[WORK INSTRUCTION] Only the lines below from the one containing "Waschbeckenunterschrank mit Einbaubecken" through the one containing "Kravlegården er som" belong in the answer, set down exactly, with the pictures left out.

[SUPPLIED DATA]

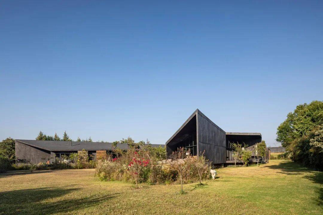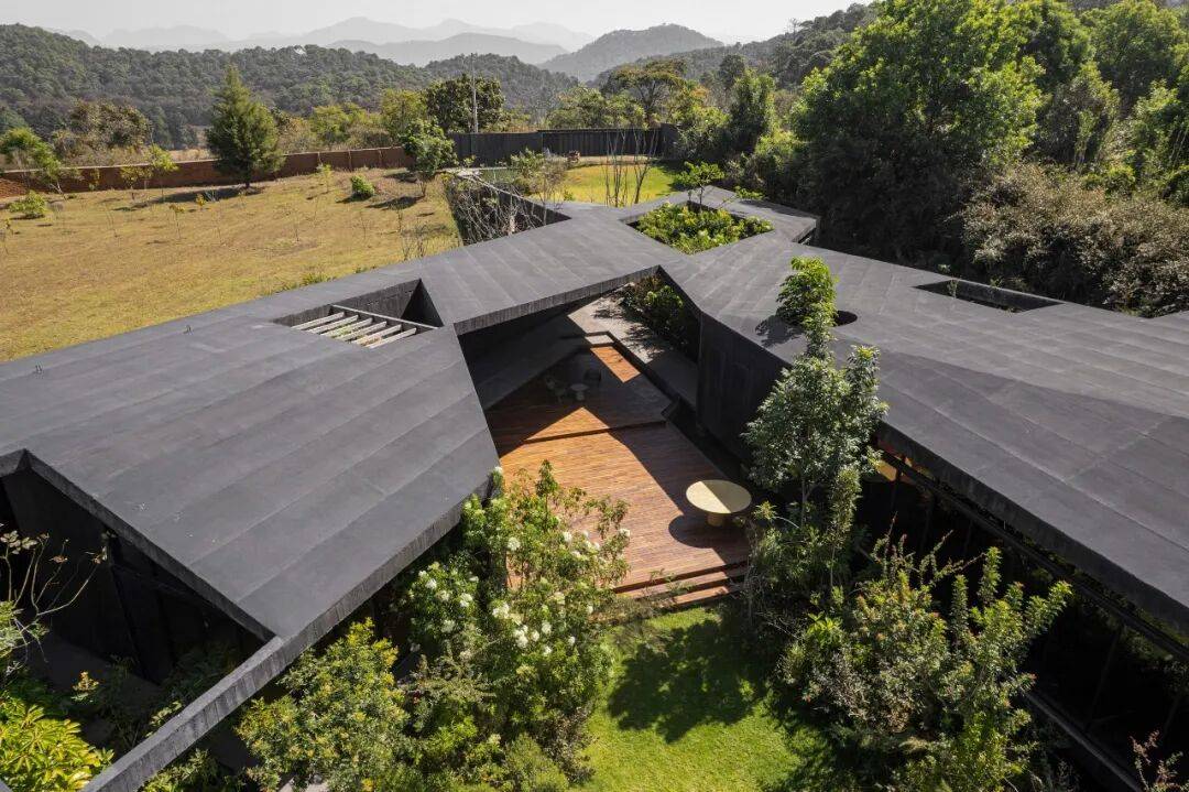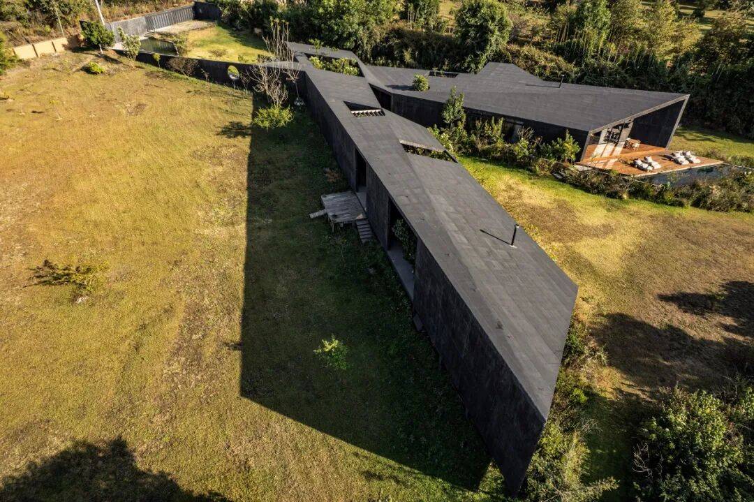 黑色混凝土体量如“伏地的岩石”,与山地景观形成地质层般的对话。
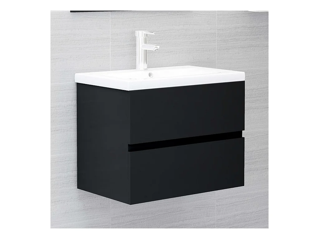 Waschbeckenunterschrank mit Einbaubecken Schwarz Holzwerkstoff
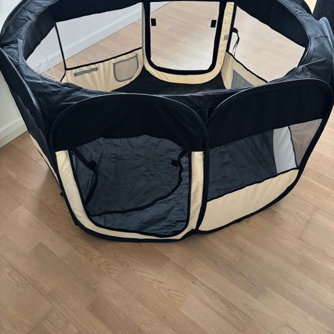 Kravlegården er som ny, kun forsøgt brugt meget få gange, men blev aldrig en succes fa vores hvalp endte med at være i køkkenet som man også kunne lukke af.
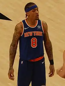 On August 8, 2017, Beasley signed with the New York Knicks.[78] On November 25, 2017, he had a season-high 30 points starting in place of the injured Kristaps Porziņģis in a 117–102 loss to the Houston Rockets.[79] On December 16, 2017, once again starting in place of Porziņģis, Beasley tied his season high with 30 points in a 111–96 win over the Oklahoma City Thunder.[80] On December 21, 2017, he scored 28 of his season-high 32 points in the second half of the Knicks' 102–93 win over the Boston Celtics.[81] He also had 12 rebounds against the Celtics. Beasley became the first NBA player since starts were recorded in the 1970–71 season to come off the bench and have at least 32 points and 12 rebounds while playing 25 minutes or fewer. He also became the first Knicks sub ever with a 32–12 game.[81] On January 10, 2018, he recorded 26 points and 12 rebounds off the bench in a 122–119 double overtime loss to the Chicago Bulls.[82] On March 31, 2018, he had a 32-point effort in a 115–109 loss to the Detroit Pistons.[83]

[RESULT OF THIS EXERCISE]
 Waschbeckenunterschrank mit Einbaubecken Schwarz Holzwerkstoff
 Kravlegården er som ny, kun forsøgt brugt meget få gange, men blev aldrig en succes fa vores hvalp endte med at være i køkkenet som man også kunne lukke af.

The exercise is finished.